== What this task involves ==
Every entry is to be returned as it stands, apart from the pictures.

● ● ● ● ● ● ●

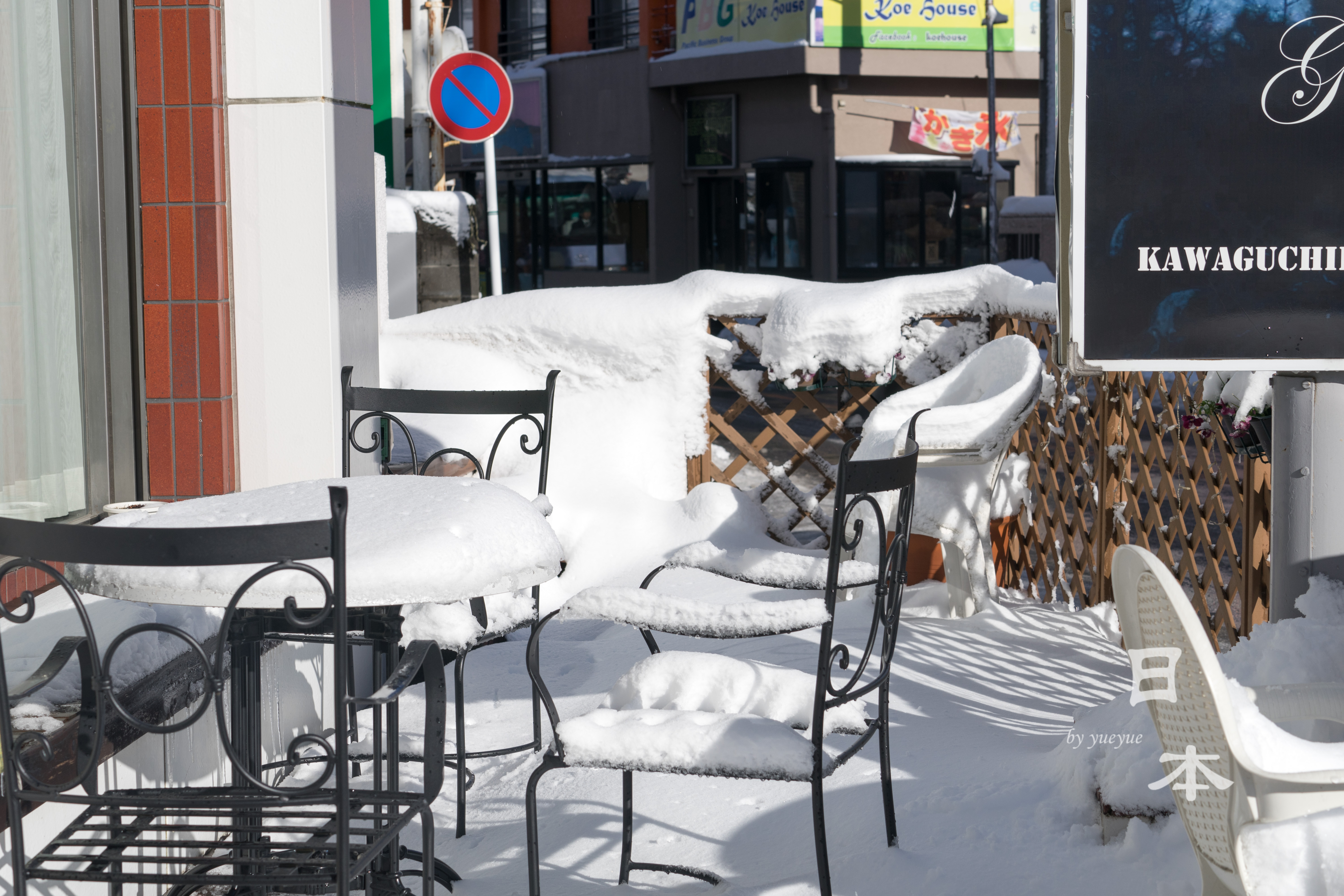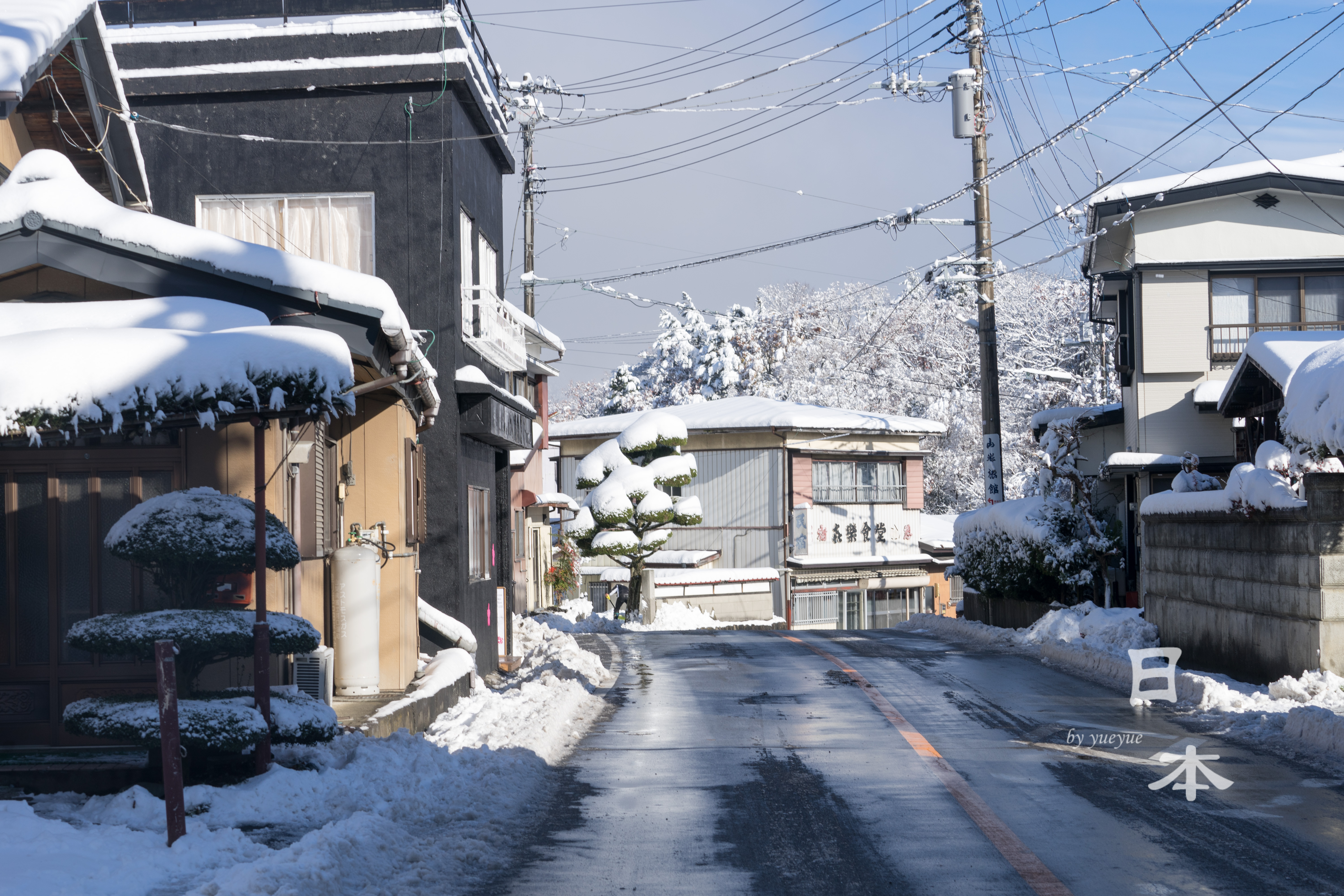 走到附近的一个八王子神社,雪又下了起来,然后拍了下面一张照片,高ios快快门,简直像童话世界有没有。。
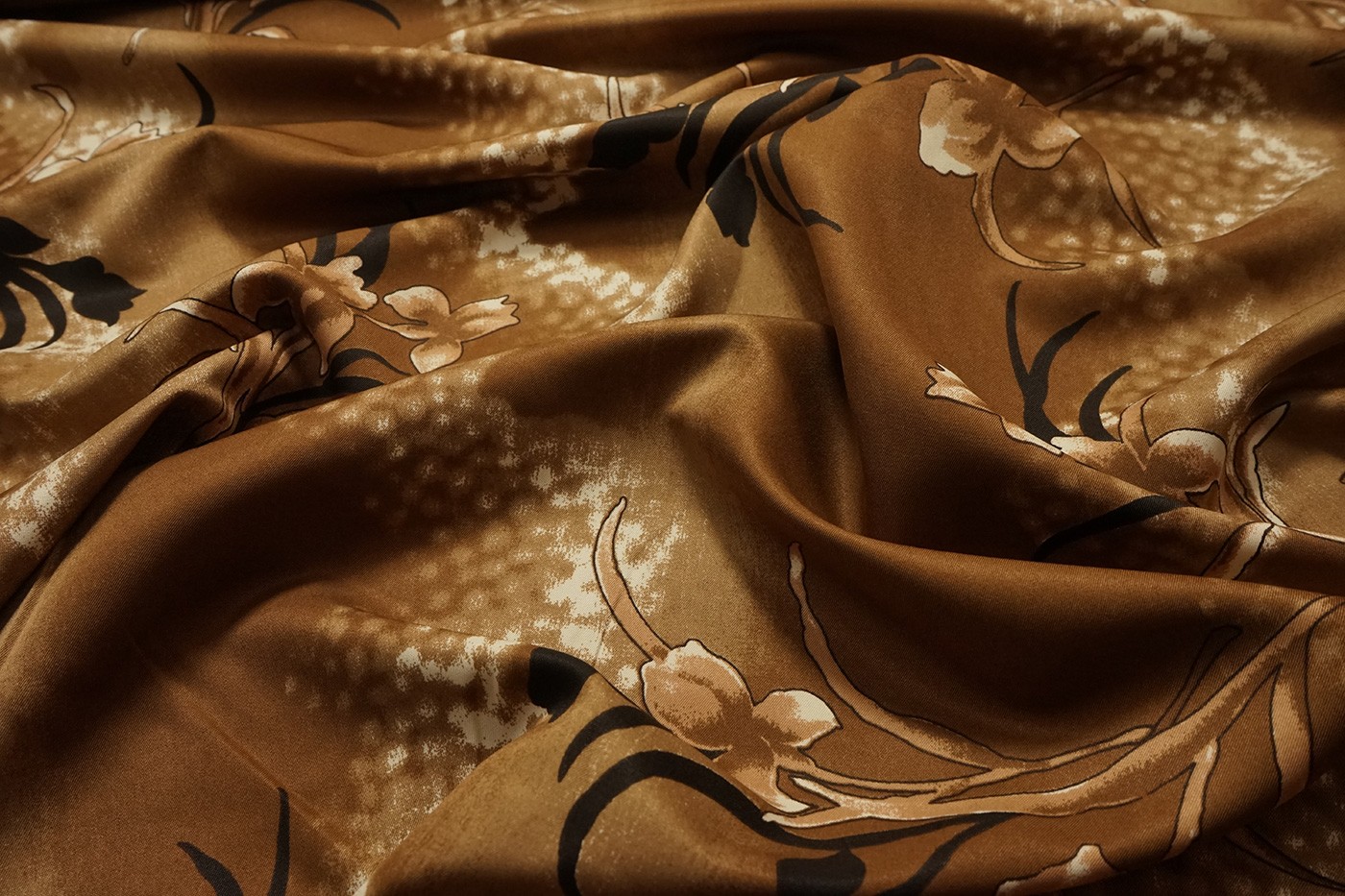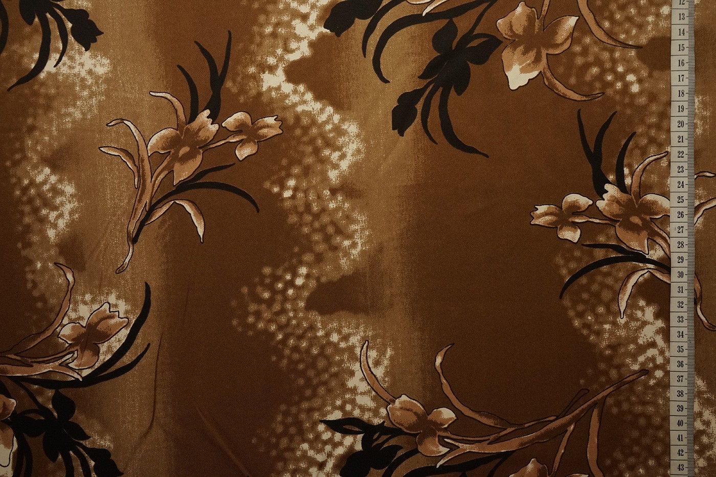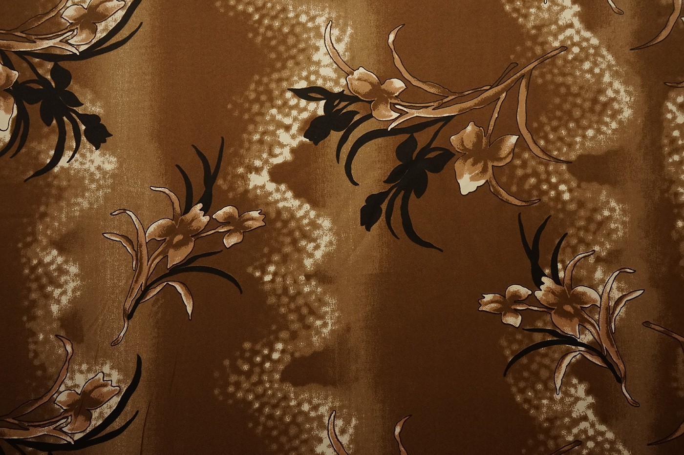 Tkanina sukienkowa w kwiaty na brązowym tle.
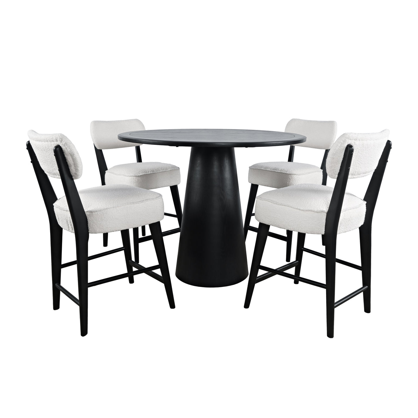 Elevate Your Dining Space With The Nash Mid-Century Modern Five Piece Counter Height Dining Set, Featuring Four Stylish Counter-Height Barstools. At The Center Of This Set Is The Nash Round 45' Counter Height Dining Table, Standing 36' Tall And Showcasing A Sleek Mid-Century Modern Tapered Base In A Rich Walnut Brown Finish. The Elegant, Curved Design Blends Modern Simplicity With Daily Functionality, Making It Perfect For Casual Meals Or Entertaining. The Barstools, Upholstered In Soft Ivory Boucle With A Sturdy Solid Wood Frame, Provide A Comfortable Yet Sophisticated Touch To Complete This Versatile And Timeless Dining Set.
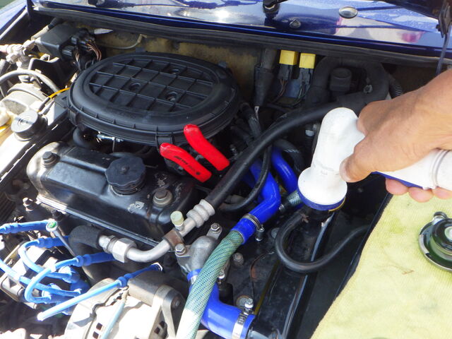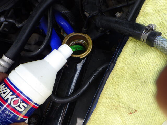ラジエターの水を少し入れ替えてから洗浄剤ラジエターフラッシュを入れてエンジン始動して洗浄開始
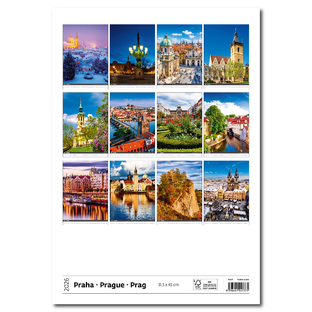 Nástěnný kalendář 2026 - Praha/Prague/Prag
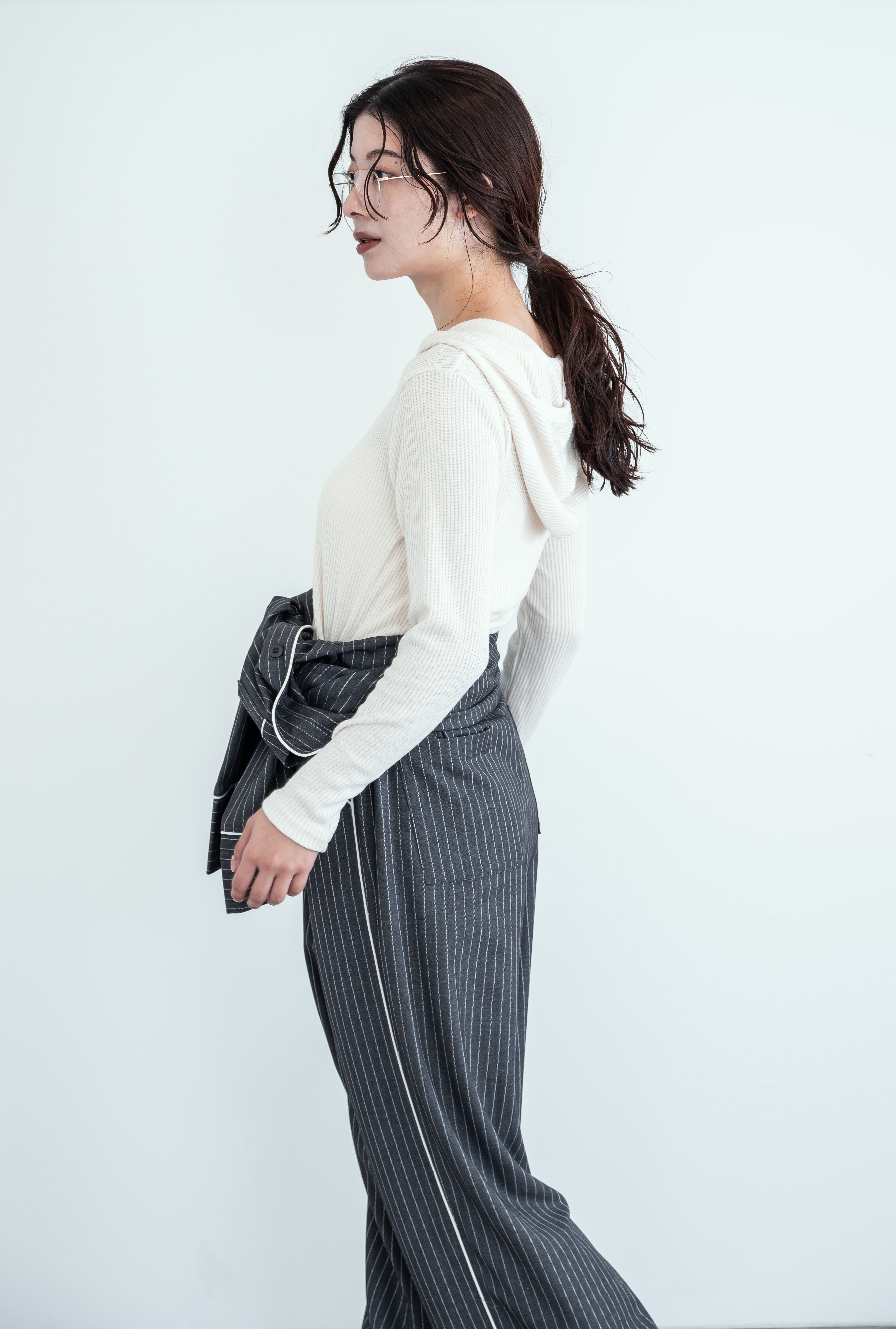 身体のラインを拾いすぎないサイズ感で、一枚で着用しても、ジャケットなどのインナーとして着用しても◎
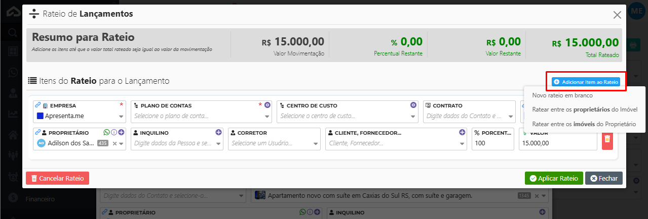 Após configurar o rateio conforme necessário, clique em Aplicar Rateio.
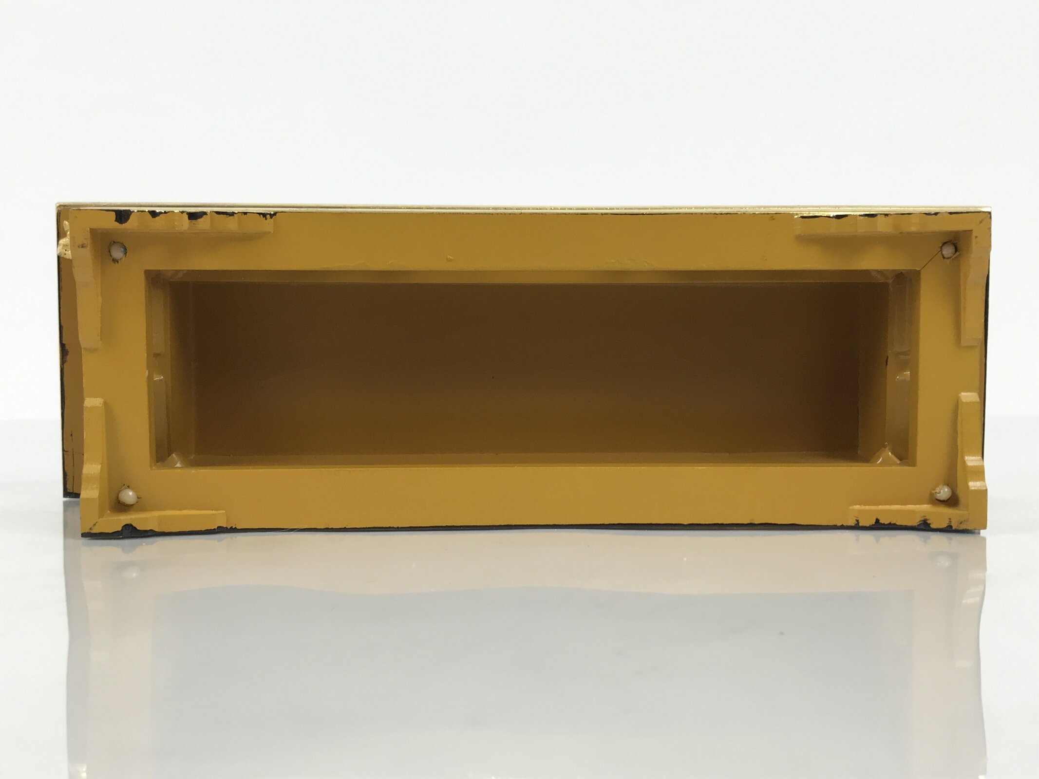 - Good condition considering age. Some scratches and lacquer wear. Gold paint worn on edges and top panel. Wear and tear due to age. Please see the photos.

● ● ● ● ● ● ●

== Result of this exercise ==
 走到附近的一个八王子神社,雪又下了起来,然后拍了下面一张照片,高ios快快门,简直像童话世界有没有。。
 Tkanina sukienkowa w kwiaty na brązowym tle.
 Elevate Your Dining Space With The Nash Mid-Century Modern Five Piece Counter Height Dining Set, Featuring Four Stylish Counter-Height Barstools. At The Center Of This Set Is The Nash Round 45' Counter Height Dining Table, Standing 36' Tall And Showcasing A Sleek Mid-Century Modern Tapered Base In A Rich Walnut Brown Finish. The Elegant, Curved Design Blends Modern Simplicity With Daily Functionality, Making It Perfect For Casual Meals Or Entertaining. The Barstools, Upholstered In Soft Ivory Boucle With A Sturdy Solid Wood Frame, Provide A Comfortable Yet Sophisticated Touch To Complete This Versatile And Timeless Dining Set.
ラジエターの水を少し入れ替えてから洗浄剤ラジエターフラッシュを入れてエンジン始動して洗浄開始
 Nástěnný kalendář 2026 - Praha/Prague/Prag
 身体のラインを拾いすぎないサイズ感で、一枚で着用しても、ジャケットなどのインナーとして着用しても◎
 Após configurar o rateio conforme necessário, clique em Aplicar Rateio.
 - Good condition considering age. Some scratches and lacquer wear. Gold paint worn on edges and top panel. Wear and tear due to age. Please see the photos.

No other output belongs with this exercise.